| What needs to be done |
Using the records below, output the stretch that opens with the line containing "A HIFI pode" and closes with the line containing "إن نصف المقطورة", exactly and including both lines, with nothing more.

| Materials provided |
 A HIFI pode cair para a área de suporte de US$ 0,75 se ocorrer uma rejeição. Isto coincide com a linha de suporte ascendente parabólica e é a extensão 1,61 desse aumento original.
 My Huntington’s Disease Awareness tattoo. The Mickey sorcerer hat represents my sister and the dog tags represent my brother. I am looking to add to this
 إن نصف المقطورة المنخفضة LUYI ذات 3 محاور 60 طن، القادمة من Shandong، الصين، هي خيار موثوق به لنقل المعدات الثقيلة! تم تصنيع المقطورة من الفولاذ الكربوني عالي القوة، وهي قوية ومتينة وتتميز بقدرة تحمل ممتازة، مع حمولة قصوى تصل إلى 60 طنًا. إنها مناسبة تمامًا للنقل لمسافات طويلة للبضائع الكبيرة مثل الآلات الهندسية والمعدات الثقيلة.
* * *
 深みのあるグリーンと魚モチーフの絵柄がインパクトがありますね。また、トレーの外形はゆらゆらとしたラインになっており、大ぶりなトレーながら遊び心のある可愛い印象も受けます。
---
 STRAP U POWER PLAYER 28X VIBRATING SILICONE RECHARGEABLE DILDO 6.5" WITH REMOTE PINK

| Response |
 A HIFI pode cair para a área de suporte de US$ 0,75 se ocorrer uma rejeição. Isto coincide com a linha de suporte ascendente parabólica e é a extensão 1,61 desse aumento original.
 My Huntington’s Disease Awareness tattoo. The Mickey sorcerer hat represents my sister and the dog tags represent my brother. I am looking to add to this
 إن نصف المقطورة المنخفضة LUYI ذات 3 محاور 60 طن، القادمة من Shandong، الصين، هي خيار موثوق به لنقل المعدات الثقيلة! تم تصنيع المقطورة من الفولاذ الكربوني عالي القوة، وهي قوية ومتينة وتتميز بقدرة تحمل ممتازة، مع حمولة قصوى تصل إلى 60 طنًا. إنها مناسبة تمامًا للنقل لمسافات طويلة للبضائع الكبيرة مثل الآلات الهندسية والمعدات الثقيلة.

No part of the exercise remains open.